> **INPUT DATA**:
━━━━━━━━

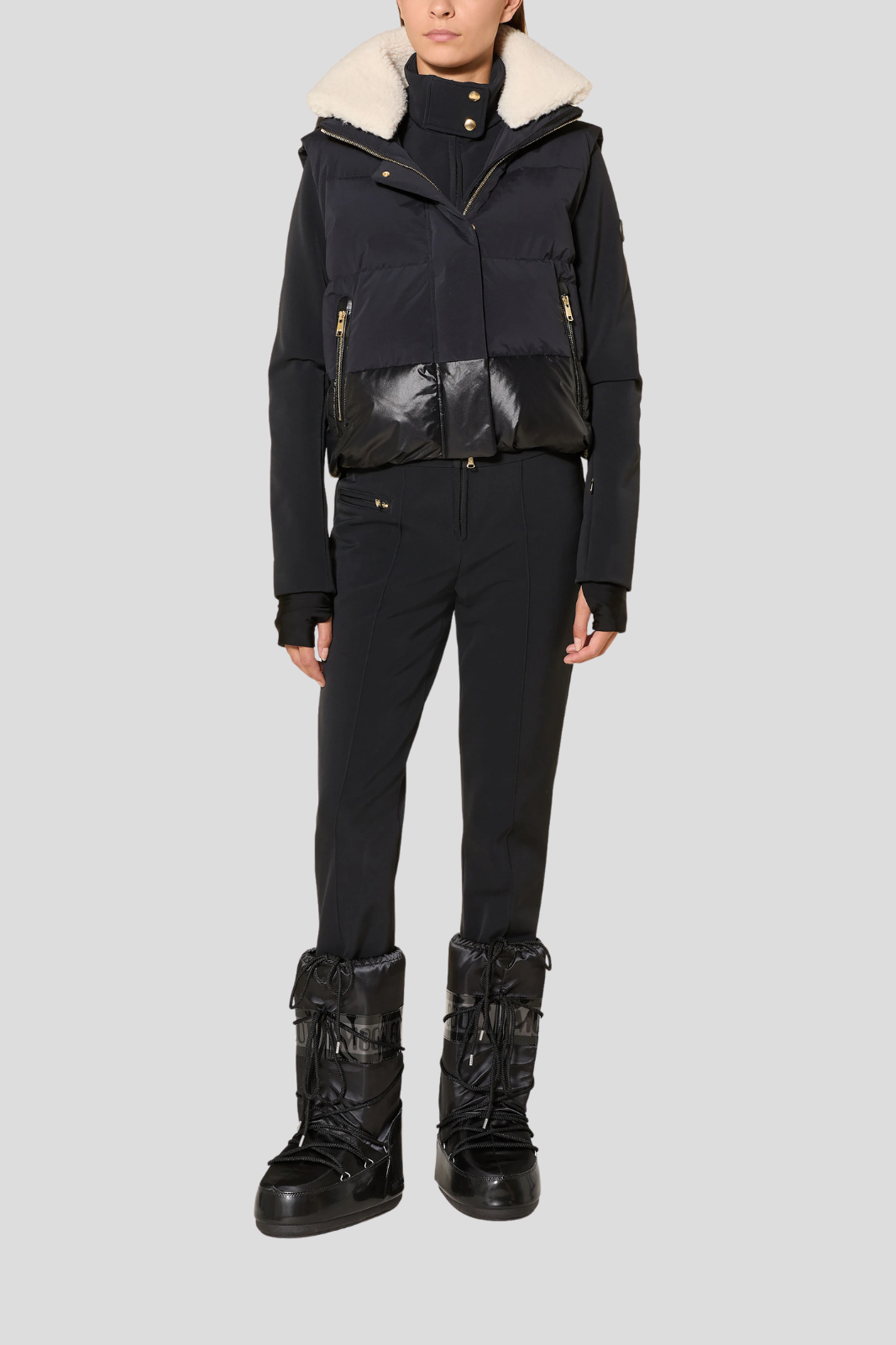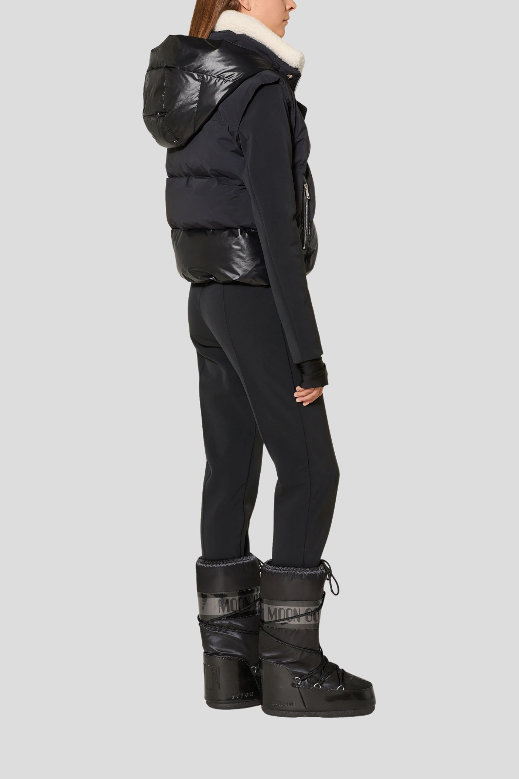 Предлага се в комплект: Пухен ски елек изработен от високотехнологична функционална материя, с пухено-перално пълнежно съдържание, което осигурява лекота и топлина
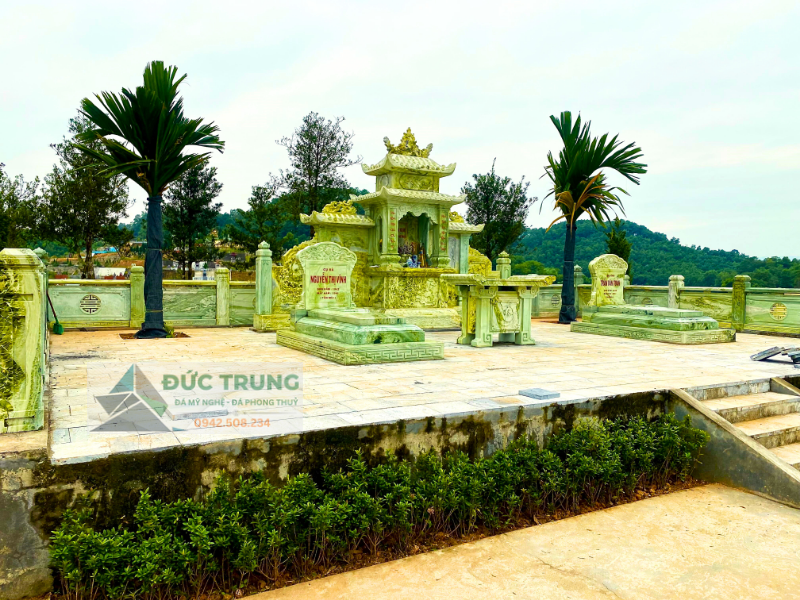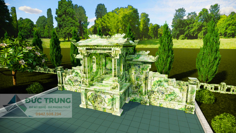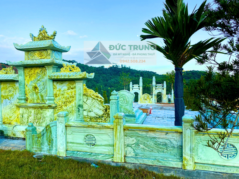 Các cấu kiện đá phụ trợ như bậc tam cấp, lan can, bàn hương án... đều được thiết kế thống nhất về chất liệu và hoa văn, tạo nên tổng thể hài hòa – linh thiêng – tôn nghiêm.
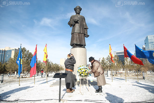 VIII Богд Жавзандамба хутагтын Монгол улсын тусгаар тогтнолд оруулсан түүхэн гавьяаг нь хүндэтгэн хөшөөнд хүндэтгэл үзүүлж, цэцэг өргөлөө.
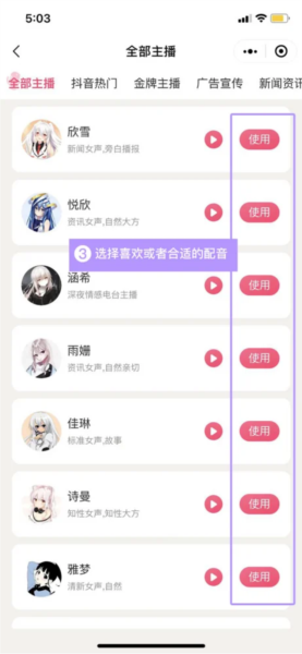3、从声音库中挑选符合需求的主播音色。

━━━━━━━━

> **ACTIVITY**:
Copy the material exactly as written and leave every picture behind.

> **EXERCISE SOLUTION**:
 Предлага се в комплект: Пухен ски елек изработен от високотехнологична функционална материя, с пухено-перално пълнежно съдържание, което осигурява лекота и топлина
 Các cấu kiện đá phụ trợ như bậc tam cấp, lan can, bàn hương án... đều được thiết kế thống nhất về chất liệu và hoa văn, tạo nên tổng thể hài hòa – linh thiêng – tôn nghiêm.
 VIII Богд Жавзандамба хутагтын Монгол улсын тусгаар тогтнолд оруулсан түүхэн гавьяаг нь хүндэтгэн хөшөөнд хүндэтгэл үзүүлж, цэцэг өргөлөө.
3、从声音库中挑选符合需求的主播音色。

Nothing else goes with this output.